Three significant developments from the week of 28 April – 4 May 2026 in motion manifold learning, generative video, and motion-conditioned generation.


1. Physics-Supervised Conditioning for Generative Motion Video

PhyCo: Learning Controllable Physical Priors for Generative Motion Narayanan, S., Jiang, Z., Narasimhan, S., & Chandraker, M. (2026, April 30). PhyCo: Learning Controllable Physical Priors for Generative Motion. arXiv. https://arxiv.org/abs/2604.28169

Standard video generation models produce visually plausible motion by learning the statistical distribution of natural images across time. They have no explicit representation of physical properties — friction, mass, restitution — which are the actual causal forces governing how bodies and objects move. PhyCo addresses this by fine-tuning a diffusion-based video generation model on over 100,000 photorealistic simulation videos in which these physical parameters are systematically varied. The result is a model where friction, elasticity, and applied force become continuous, interpretable conditioning variables — a mover can specify not just "walk slowly" but the physical character of the walking surface and the gravitational context.

Field relevance: This is a significant step toward physically grounded generative video. For somatic AI co-creation pipelines, physically plausible motion is a necessary but not sufficient condition — the next question is whether physically consistent generation can be conditioned on the qualities of the mover's own felt body rather than on simulated physics parameters. PhyCo establishes the conditioning architecture; the open problem is what the conditioning variables should be for somatic-quality generation. Source tier: Tier 3 (arXiv preprint).


2. Predicting Video Rather Than Completing It

Video Generation with Predictive Latents Zhao, Y., et al. (2026, May 4). Video Generation with Predictive Latents. arXiv. https://arxiv.org/abs/2605.02134

Most video generation models are trained on a reconstruction objective: given some frames, reproduce them as accurately as possible. This trains the model to be a very good compressor of what it has seen. Predictive Latents proposes a different objective — the decoder must not only reconstruct observed frames but simultaneously predict future frames that have not been shown. This predictive reconstruction objective forces the model's latent representations to encode the causal structure of the sequence, not just its appearance. The result is improved temporal consistency in generated sequences and better generalisation to motion dynamics not seen during training.
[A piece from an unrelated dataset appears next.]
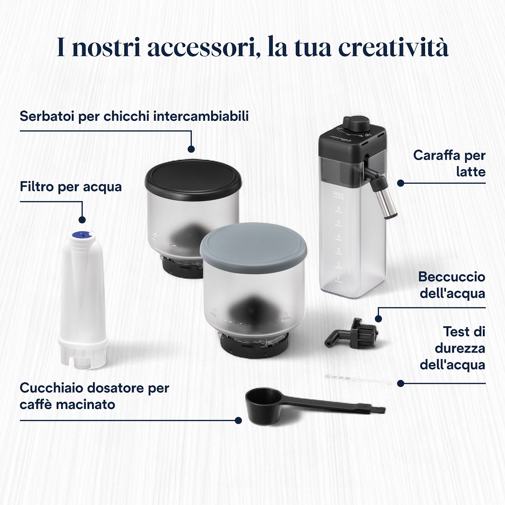 • Caraffa Latte Removibile: Dopo l’uso, la caraffa può essere comodamente riposta in frigorifero per mantenere il latte fresco.

Field relevance: The core claim — that predictive latents encode causal structure rather than just appearance — is directly relevant to the problem of motion-conditioned generation. A world model that has learned causal motion structure can be conditioned on partial body state (e.g., the beginning of a movement phrase) and extrapolate the rest in a physically and kinetically coherent way. This is architecturally closer to the kind of forward-model capacity a real-time somatic-to-visual pipeline needs. Source tier: Tier 3 (arXiv preprint, submitted May 4, 2026).


3. Physics-Aware Multi-Body Interaction Synthesis

InterPhys: Physics-Aware Human Motion Synthesis in a Dynamic Scene Xing, C., Mao, W., & Liu, M. (2026, May 1). InterPhys: Physics-aware human motion synthesis in a dynamic scene. arXiv. https://arxiv.org/abs/2605.01036

Generating realistic human movement in interaction with objects or other people requires more than kinematic plausibility — it requires modelling the forces being exchanged at contact points. InterPhys explicitly represents human-object and human-scene contact forces in its synthesis pipeline, generating motions where the body's dynamics respond physically to what it is touching. The system is trained and evaluated on environments with multiple interacting agents and dynamic obstacles.

Field relevance: Contact-aware synthesis is the unsolved core problem for duo and ensemble dance generation, and for somatic practices (Contact Improvisation, martial arts partnering) where the quality of physical exchange is the primary expressive material. Most current motion generation models treat contact as a positional constraint; InterPhys treats it as a force exchange, which is the correct physical framing. Source tier: Tier 3 (arXiv preprint, submitted May 1, 2026).